> SUPPLIED MATERIAL
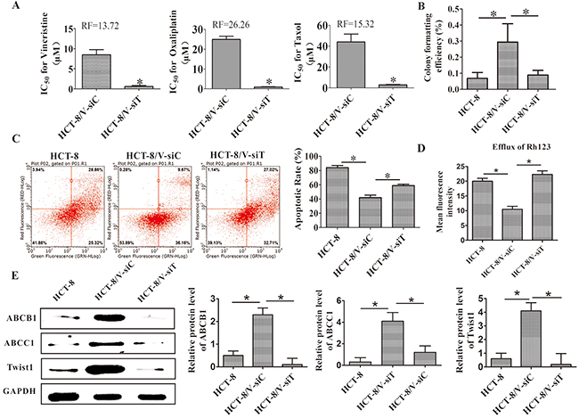 Figure 6: Downregulation of Twist1 reversed MDR in vitro. (A) IC50 values for vincristine, taxol, and cisplatin. (B) Proliferating abilities of the HCT-8/V and HCT-8 cells were determined by colony formation assay. (C) Analysis on cell apoptosis by flow cytometry; the quantitative analysis is shown in the right panel. (D) Efflux of Rh123 was measured using flow cytometry. (E) ABCB1, ABCC1 and Twist1 expression levels. The right panel shows the relative protein level. The expression levels of Twist1 and ABCB1/ABCC1 were upregulated in the HCT-8/V cell line compared with those in the HCT-8 parental cells. Twist1 silencing decreased the ABCB1 and ABCC1 expression levels in HCT-8/V cells. Data from three independent experiments are graphed as mean ± SD. *P < 0.05.
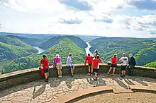 On July 23, 2016, the Treetop Walk Saarschleife opened to the public with an observation tower soaring above the historically popular vantage point known as "the Cloef."[5] From the observation tower, visitors can see much further than from the Cloef including the Mettlach parish church as well as the power plant at Ensdorf.
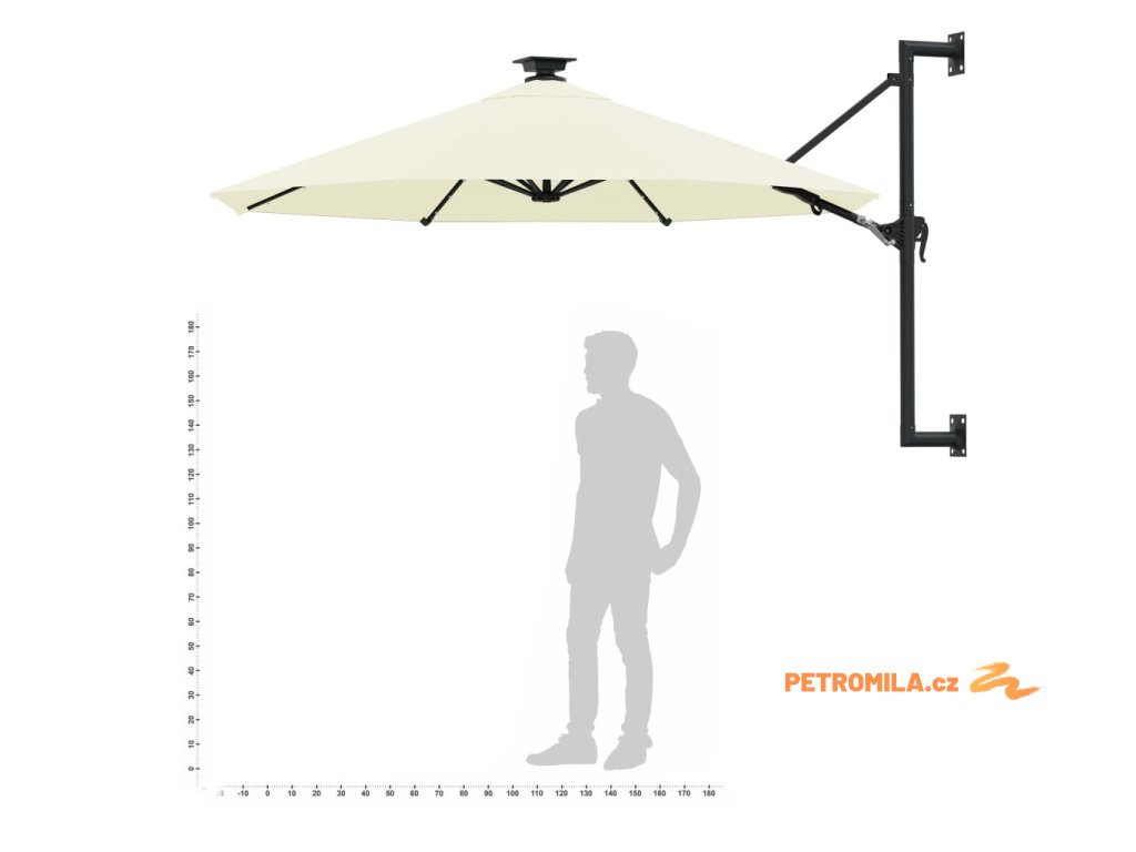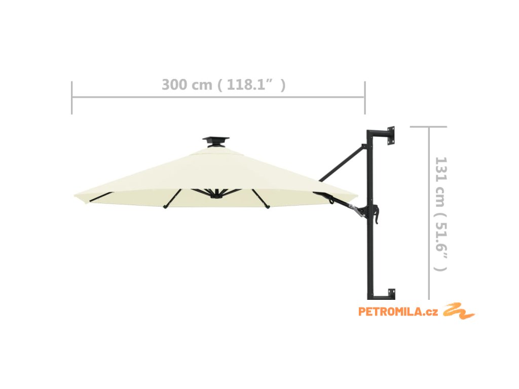 Nástěnný zahradní slunečník s LED 300 cm pískový
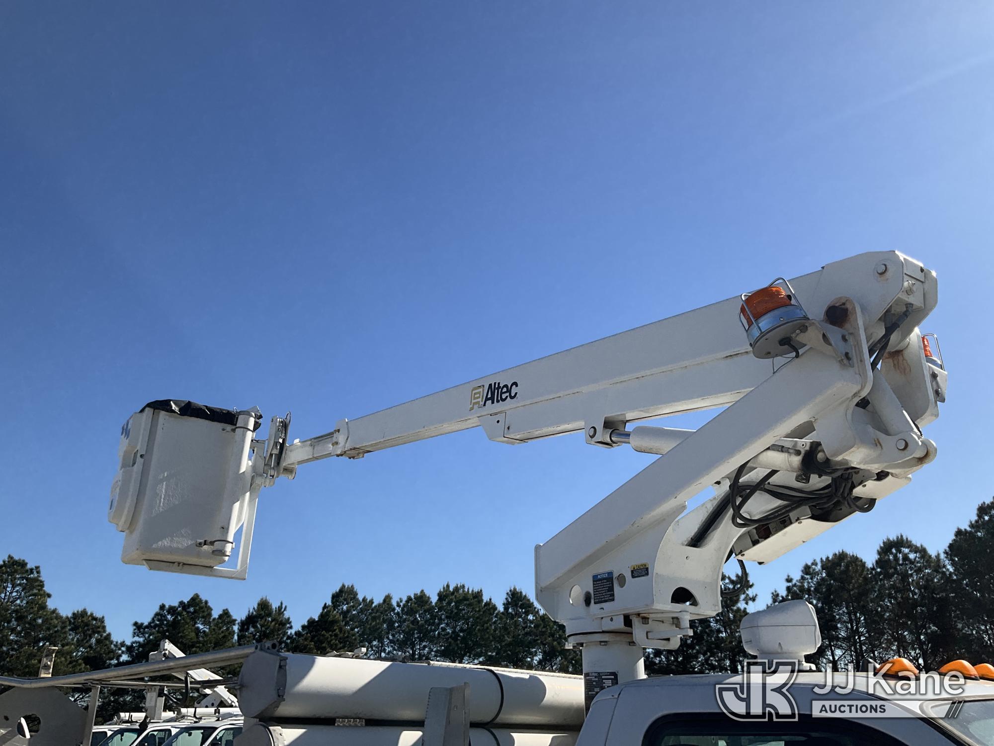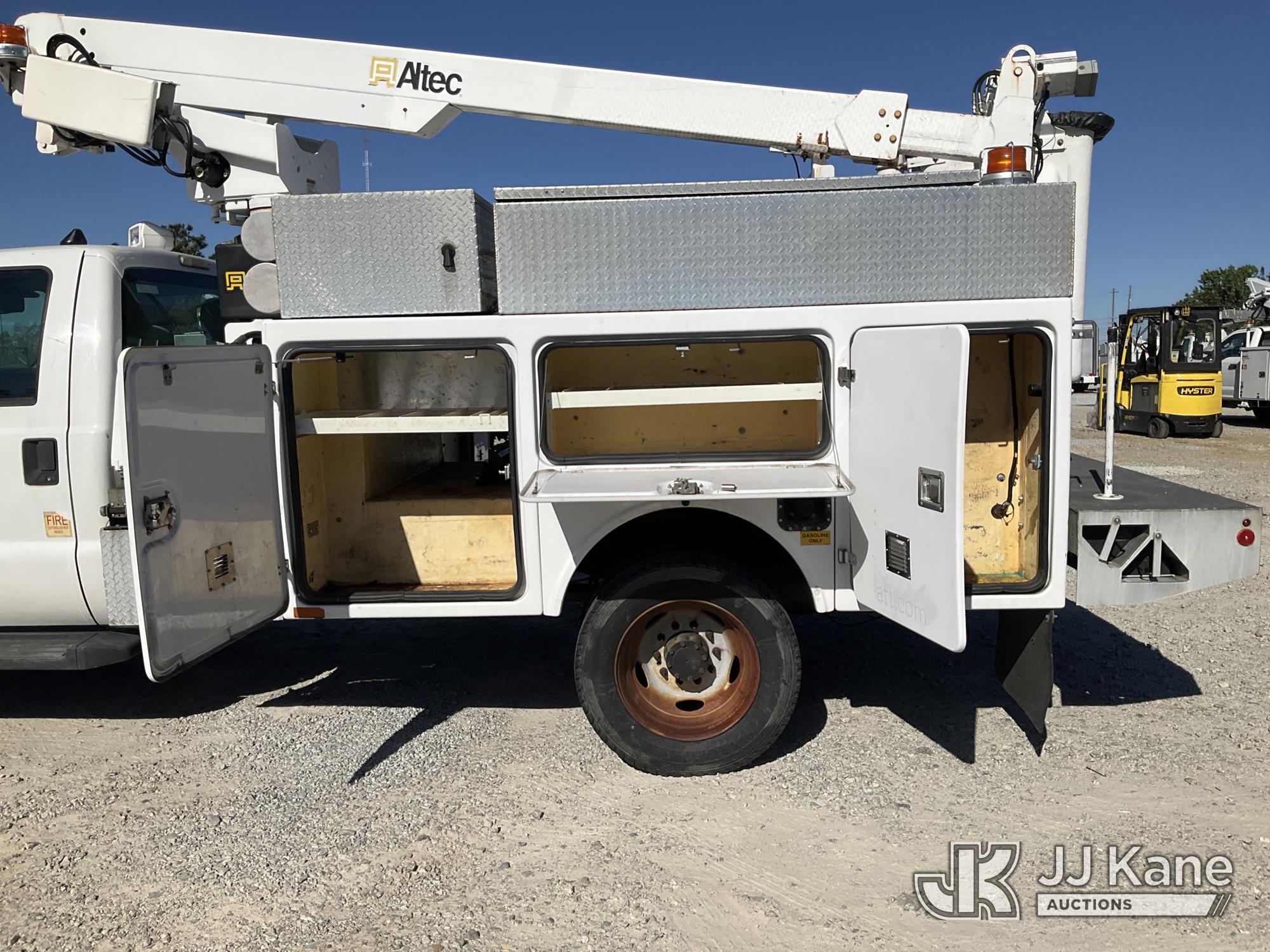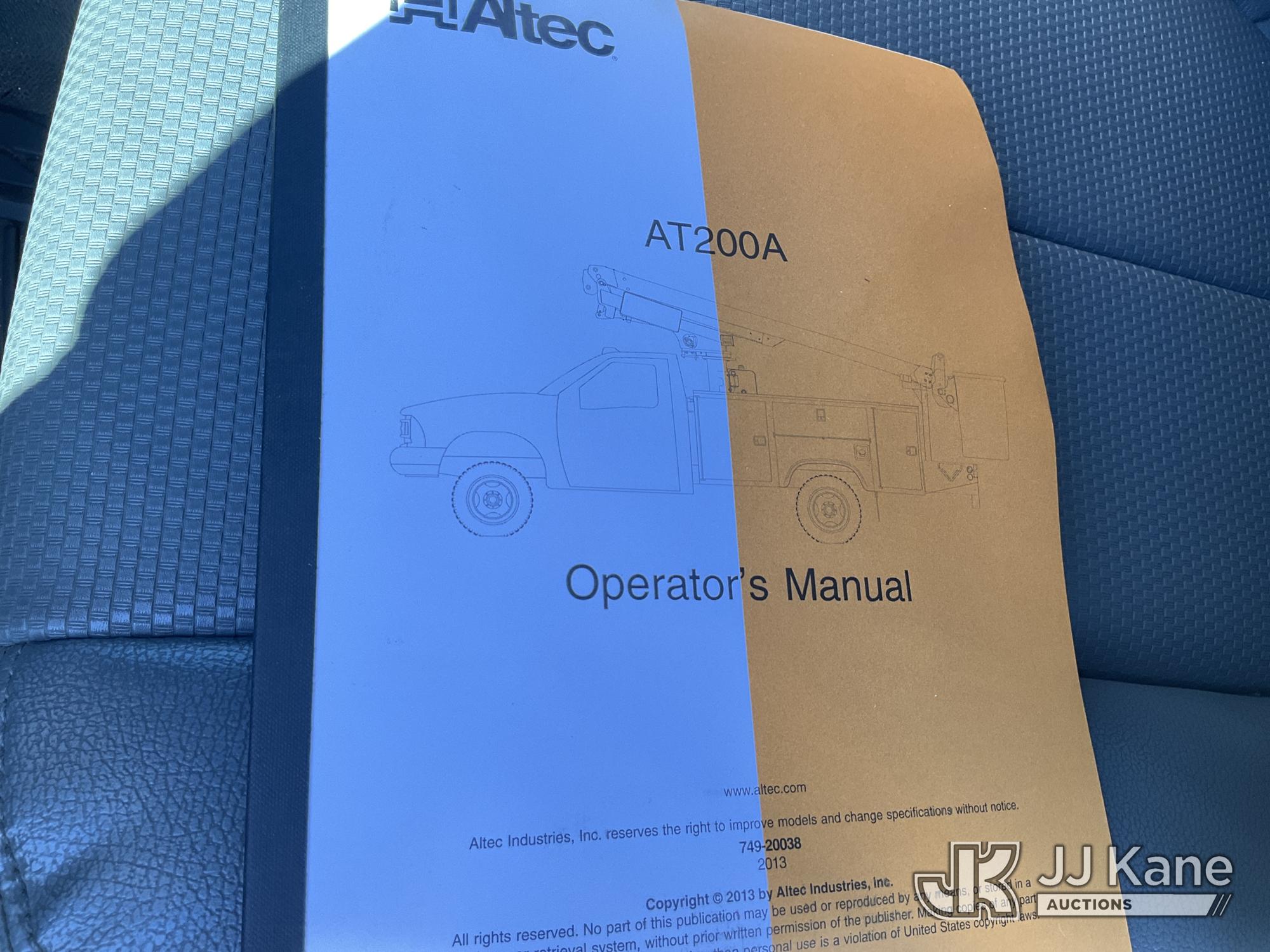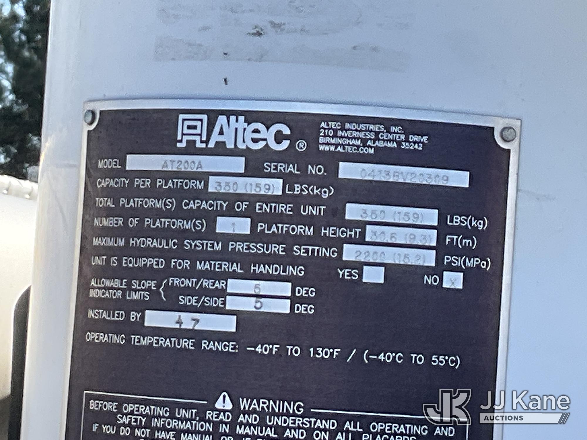 Altec AT200A, 35 ft, Telescopic Non-Insulated Bucket Truck s/n 0413BV20309, with single-man bucket, mounted behind cab on 2013 Ford F450 Service Truck, 10-cyl gas, Auto, A/C, with Onan Generator, (65,898 miles) (Runs, Moves & Upper Operates) (Check Engine Light On) This is a Titled Item*

> ASSIGNMENT
Extract the lines beginning with the one that contains "Nástěnný zahradní slunečník" and ending with the last line of the listing. Keep them exact and drop the pictures.

> WRITTEN REPLY
 Nástěnný zahradní slunečník s LED 300 cm pískový
 Altec AT200A, 35 ft, Telescopic Non-Insulated Bucket Truck s/n 0413BV20309, with single-man bucket, mounted behind cab on 2013 Ford F450 Service Truck, 10-cyl gas, Auto, A/C, with Onan Generator, (65,898 miles) (Runs, Moves & Upper Operates) (Check Engine Light On) This is a Titled Item*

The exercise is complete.